Data records START

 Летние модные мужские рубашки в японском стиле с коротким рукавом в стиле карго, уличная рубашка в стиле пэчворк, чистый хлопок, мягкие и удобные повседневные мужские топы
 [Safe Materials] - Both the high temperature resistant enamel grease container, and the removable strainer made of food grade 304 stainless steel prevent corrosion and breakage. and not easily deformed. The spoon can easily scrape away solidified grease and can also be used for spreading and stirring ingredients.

Data records END
Data records START

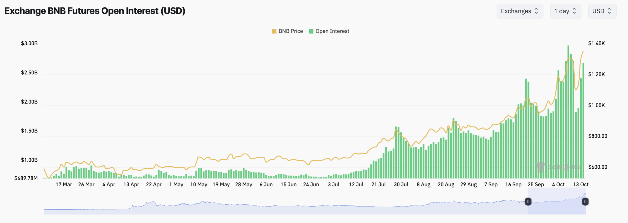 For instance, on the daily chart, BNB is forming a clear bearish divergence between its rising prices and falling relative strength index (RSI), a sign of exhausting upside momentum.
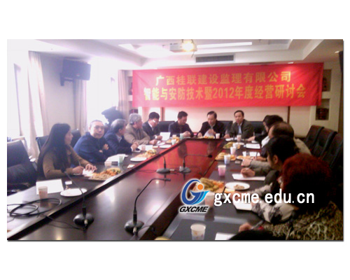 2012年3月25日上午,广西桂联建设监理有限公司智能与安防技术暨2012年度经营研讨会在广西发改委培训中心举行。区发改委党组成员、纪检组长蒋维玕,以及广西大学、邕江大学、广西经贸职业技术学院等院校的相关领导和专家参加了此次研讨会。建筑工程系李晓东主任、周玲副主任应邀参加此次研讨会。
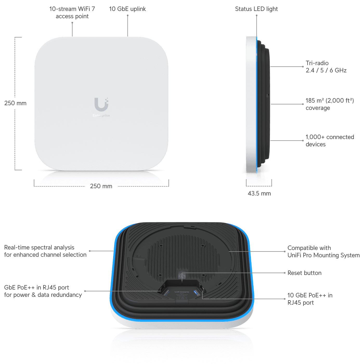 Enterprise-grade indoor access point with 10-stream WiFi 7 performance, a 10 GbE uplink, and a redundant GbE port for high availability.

Data records END

| Exercise goal |
Only one part of the material above is to be transcribed, namely the lines starting with the line that has "Летние модные мужские" and going on through the line that has "[Safe Materials] - Both", exactly as they stand.

| Expected output |
 Летние модные мужские рубашки в японском стиле с коротким рукавом в стиле карго, уличная рубашка в стиле пэчворк, чистый хлопок, мягкие и удобные повседневные мужские топы
 [Safe Materials] - Both the high temperature resistant enamel grease container, and the removable strainer made of food grade 304 stainless steel prevent corrosion and breakage. and not easily deformed. The spoon can easily scrape away solidified grease and can also be used for spreading and stirring ingredients.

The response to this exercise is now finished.